*ACTIVITY*: Every line below should be duplicated exactly.

|---|

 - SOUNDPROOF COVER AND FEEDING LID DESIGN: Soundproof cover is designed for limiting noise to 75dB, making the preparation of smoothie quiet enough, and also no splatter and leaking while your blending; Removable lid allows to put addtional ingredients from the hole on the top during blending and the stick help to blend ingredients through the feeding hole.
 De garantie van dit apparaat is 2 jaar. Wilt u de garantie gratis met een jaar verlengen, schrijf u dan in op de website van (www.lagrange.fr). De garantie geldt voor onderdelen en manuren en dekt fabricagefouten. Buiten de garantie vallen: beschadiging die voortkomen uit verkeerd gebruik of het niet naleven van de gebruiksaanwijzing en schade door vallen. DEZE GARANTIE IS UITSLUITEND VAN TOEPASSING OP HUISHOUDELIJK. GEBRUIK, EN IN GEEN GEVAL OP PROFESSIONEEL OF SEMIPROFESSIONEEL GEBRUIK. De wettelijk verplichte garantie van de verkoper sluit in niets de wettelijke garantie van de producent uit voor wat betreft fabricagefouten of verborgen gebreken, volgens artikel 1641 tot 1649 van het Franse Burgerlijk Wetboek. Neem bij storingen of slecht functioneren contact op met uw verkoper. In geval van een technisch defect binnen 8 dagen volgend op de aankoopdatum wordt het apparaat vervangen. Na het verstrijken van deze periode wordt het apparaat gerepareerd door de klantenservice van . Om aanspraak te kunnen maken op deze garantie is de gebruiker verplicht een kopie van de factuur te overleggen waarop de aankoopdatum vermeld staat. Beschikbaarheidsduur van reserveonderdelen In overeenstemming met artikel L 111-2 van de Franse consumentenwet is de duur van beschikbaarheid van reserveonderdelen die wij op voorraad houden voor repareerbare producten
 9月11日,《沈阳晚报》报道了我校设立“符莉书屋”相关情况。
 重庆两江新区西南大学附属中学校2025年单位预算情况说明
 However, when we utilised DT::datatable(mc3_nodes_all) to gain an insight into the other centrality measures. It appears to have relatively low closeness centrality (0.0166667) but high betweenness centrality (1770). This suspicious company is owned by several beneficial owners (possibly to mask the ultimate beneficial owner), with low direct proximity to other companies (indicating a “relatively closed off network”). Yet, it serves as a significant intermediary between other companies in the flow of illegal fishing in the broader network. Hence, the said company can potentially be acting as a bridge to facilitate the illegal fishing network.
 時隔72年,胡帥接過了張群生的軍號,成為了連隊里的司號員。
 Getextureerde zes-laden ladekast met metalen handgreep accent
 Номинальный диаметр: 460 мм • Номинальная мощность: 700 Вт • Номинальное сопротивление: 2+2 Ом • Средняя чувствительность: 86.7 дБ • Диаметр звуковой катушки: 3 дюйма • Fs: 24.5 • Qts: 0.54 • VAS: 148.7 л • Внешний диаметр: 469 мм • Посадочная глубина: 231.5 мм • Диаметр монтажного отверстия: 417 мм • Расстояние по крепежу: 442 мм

|---|

*SOLUTION FOR THIS PROBLEM*:
 - SOUNDPROOF COVER AND FEEDING LID DESIGN: Soundproof cover is designed for limiting noise to 75dB, making the preparation of smoothie quiet enough, and also no splatter and leaking while your blending; Removable lid allows to put addtional ingredients from the hole on the top during blending and the stick help to blend ingredients through the feeding hole.
 De garantie van dit apparaat is 2 jaar. Wilt u de garantie gratis met een jaar verlengen, schrijf u dan in op de website van (www.lagrange.fr). De garantie geldt voor onderdelen en manuren en dekt fabricagefouten. Buiten de garantie vallen: beschadiging die voortkomen uit verkeerd gebruik of het niet naleven van de gebruiksaanwijzing en schade door vallen. DEZE GARANTIE IS UITSLUITEND VAN TOEPASSING OP HUISHOUDELIJK. GEBRUIK, EN IN GEEN GEVAL OP PROFESSIONEEL OF SEMIPROFESSIONEEL GEBRUIK. De wettelijk verplichte garantie van de verkoper sluit in niets de wettelijke garantie van de producent uit voor wat betreft fabricagefouten of verborgen gebreken, volgens artikel 1641 tot 1649 van het Franse Burgerlijk Wetboek. Neem bij storingen of slecht functioneren contact op met uw verkoper. In geval van een technisch defect binnen 8 dagen volgend op de aankoopdatum wordt het apparaat vervangen. Na het verstrijken van deze periode wordt het apparaat gerepareerd door de klantenservice van . Om aanspraak te kunnen maken op deze garantie is de gebruiker verplicht een kopie van de factuur te overleggen waarop de aankoopdatum vermeld staat. Beschikbaarheidsduur van reserveonderdelen In overeenstemming met artikel L 111-2 van de Franse consumentenwet is de duur van beschikbaarheid van reserveonderdelen die wij op voorraad houden voor repareerbare producten
 9月11日,《沈阳晚报》报道了我校设立“符莉书屋”相关情况。
 重庆两江新区西南大学附属中学校2025年单位预算情况说明
 However, when we utilised DT::datatable(mc3_nodes_all) to gain an insight into the other centrality measures. It appears to have relatively low closeness centrality (0.0166667) but high betweenness centrality (1770). This suspicious company is owned by several beneficial owners (possibly to mask the ultimate beneficial owner), with low direct proximity to other companies (indicating a “relatively closed off network”). Yet, it serves as a significant intermediary between other companies in the flow of illegal fishing in the broader network. Hence, the said company can potentially be acting as a bridge to facilitate the illegal fishing network.
 時隔72年,胡帥接過了張群生的軍號,成為了連隊里的司號員。
 Getextureerde zes-laden ladekast met metalen handgreep accent
 Номинальный диаметр: 460 мм • Номинальная мощность: 700 Вт • Номинальное сопротивление: 2+2 Ом • Средняя чувствительность: 86.7 дБ • Диаметр звуковой катушки: 3 дюйма • Fs: 24.5 • Qts: 0.54 • VAS: 148.7 л • Внешний диаметр: 469 мм • Посадочная глубина: 231.5 мм • Диаметр монтажного отверстия: 417 мм • Расстояние по крепежу: 442 мм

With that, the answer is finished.